Of the total 620 HIV/AIDS hospital admissions from September 2009 to August 2011, 60 patients (9.7%) were hospitalized for CNS complications. The diagnosis of HIV infection was made after hospital admission in 16 of the 60 patients (26.7%), and 34 of them (56.7%) were already on antiretroviral therapy (ART) at the point of admission. The median CD4 cell count in these subjects was 39 (21-133) cells/mm(3), and 93.3% (56/60) of these patients belonged to stage IV HIV disease according to World Health Organization (WHO) classification. The most frequent diagnosis in these subjects included cryptococcal meningitis (CM, n=13, 22%), cerebral toxoplasmosis (n=10, 17%), and CNS tuberculosis (n=7, 11.7%). The overall mortality was 13% (8/60) and the case-fatality rates were: cryptococcal meningitis 7.7% (1/13), cerebral toxoplasmosis 20% (2/10) and tuberculous meningitis 28.6% (2/7). Of the 34 patients who were on ART, paradoxical neurological IRIS (the conditions of their existing CNS disorders get paradoxically worse after ART because of an exuberant inflammatory response directed towards opportunistic pathogens) was diagnosed in 4 patients (11.8%), 2 of whom related to TB infection (out of 5 TB patients, 40%), and the other 2 related to CM (out of 8 patients, 25%).
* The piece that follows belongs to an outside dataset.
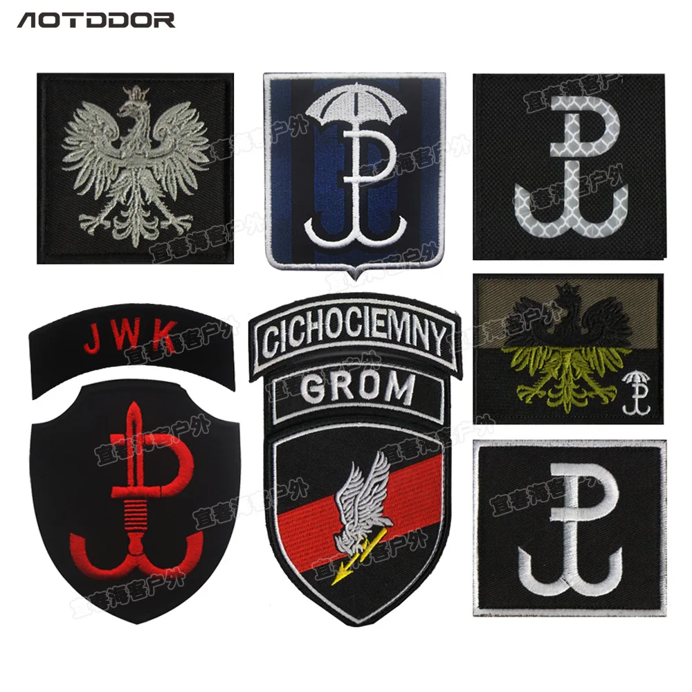 Parche bordado de Polonia GROM, insignia de brazo TF-9, insignia de moral reflectante militar, parches bordados para ropa, bordado de costura
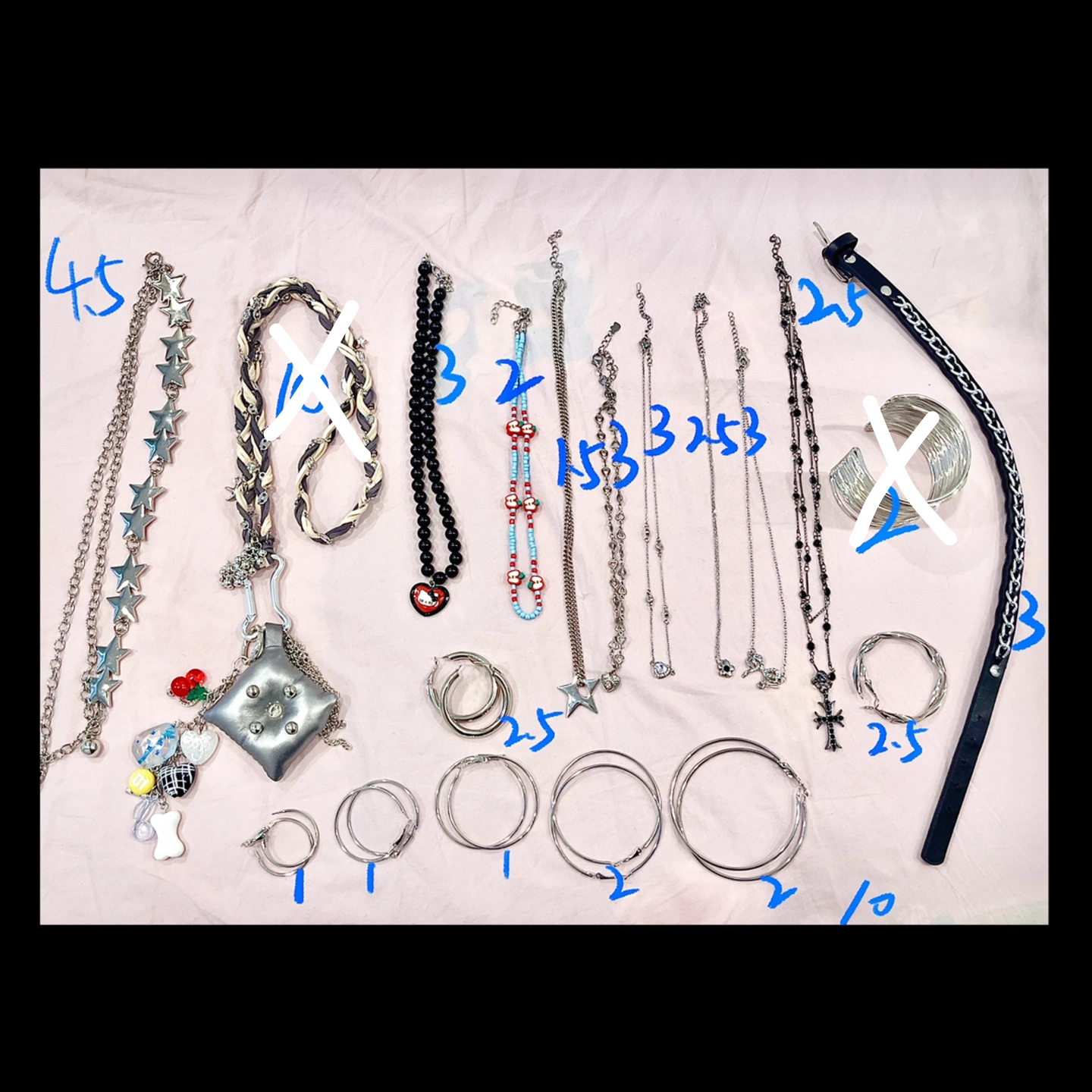 Waist chain, necklace, clip-on earrings (no pierced ears)

Opportunistic infections, such as cryptococcal meningitis, cerebral toxoplasmosis and CNS tuberculosis were the most frequent diagnosis of CNS disease in hospitalized HIV/AIDS patients in You'an Hospital, Beijing, China. About 10% patients on ART were diagnosed as neurological IRIS in such a group of patients.
描述中国北京佑安医院住院的HIV/AIDS患者中枢神经系统(CNS)疾病谱以及神经免疫重建炎症综合征(IRIS)的作用。
在中国北京的一家公立转诊医院佑安医院进行了一项为期24个月的回顾性观察研究。本研究纳入了2009年9月至2011年8月因出现新的或复发的神经和(或)精神症状而入院的HIV血清阳性患者。查阅病历,收集人口统计学和临床数据。本研究排除了患有周围神经病变和谵妄的患者。
在2009年9月至2011年8月期间入院的620例HIV/AIDS患者中,有60例(9.7%)因CNS并发症住院。60例患者中有16例(26.7%)在入院后被诊断为HIV感染,其中34例(56.7%)在入院时已接受抗逆转录病毒治疗(ART)。这些患者的CD4细胞计数中位数为39(21 - 133)个细胞/mm³,根据世界卫生组织(WHO)分类,93.3%(56/60)的患者属于IV期HIV疾病。这些患者中最常见的诊断包括隐球菌性脑膜炎(CM,n = 13,22%)、脑弓形虫病(n = 10,17%)和CNS结核病(n = 7,11.7%)。总死亡率为13%(8/60),病死率分别为:隐球菌性脑膜炎7.7%(1/13)、脑弓形虫病20%(2/10)和结核性脑膜炎28.6%(2/7)。在34例接受ART的患者中,4例(11.8%)被诊断为矛盾性神经IRIS(由于针对机会性病原体的过度炎症反应,ART后其现有的CNS疾病状况反而恶化),其中2例与结核感染有关(5例结核患者中,40%),另外2例与CM有关(8例患者中,25%)。
在中国北京佑安医院住院的HIV/AIDS患者中,机会性感染,如隐球菌性脑膜炎、脑弓形虫病和CNS结核病是CNS疾病最常见的诊断。在这类患者中,约10%接受ART的患者被诊断为神经IRIS。